ONE PLUS ONE EQUALS MORE
Douglas Fanning went into business as Dyad, a studio specializing in furniture, lighting, and complex metalwork, in 1998. Now, the newly licensed architect has completed his creative vision by establishing an offshoot, Douglas Fanning Architecture. "I'd been developing this idea, of having two studios, for 10 years," he says. The recession nudged him into the broader area of design-build as a way to provide enough work to keep both facets of practice busy. "When one is slow, the other's not," he explains.

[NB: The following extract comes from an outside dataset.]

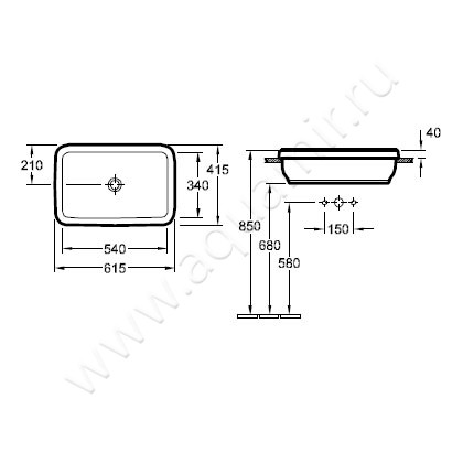 Раковина встраиваемая сверху на столешницу без отверстий Villeroy & Boch Architectura 61,5 см, фарфор, белый глянец/white alpin (41676001)

A New York roof garden, his first, epitomizes the symbiosis between concept and implementation while adding 200 square feet of outdoor space to a top-story apartment in a town house. To partially enclose and shade the terrace, he used long planters held aloft, in parallel rows, by an innovative framework. This armature was welded together from steel I beams, cut down the center into T shapes, and the planters, plain cedar boxes, contain bamboo, other grasses, herbs, flowers, and vegetables. They're watered with the assistance of a telescoping ladder and a spray wand. --Meghan Edwards
Clockwise from top left: Custom cedar planters form a canopy for a New York roof terrace by Douglas Fanning Architecture and its affiliate, Dyad. Douglas Fanning screwing a planter to an armature built from steel I beams that have been torch-cut in half. Plants and sea grasses. Removable cedar planks over existing concrete pavers over existing concrete pavers. A built-in bench, also cedar. Brick dating to an earlier renovation of the 19th-century town house. The armature's 11-foot height.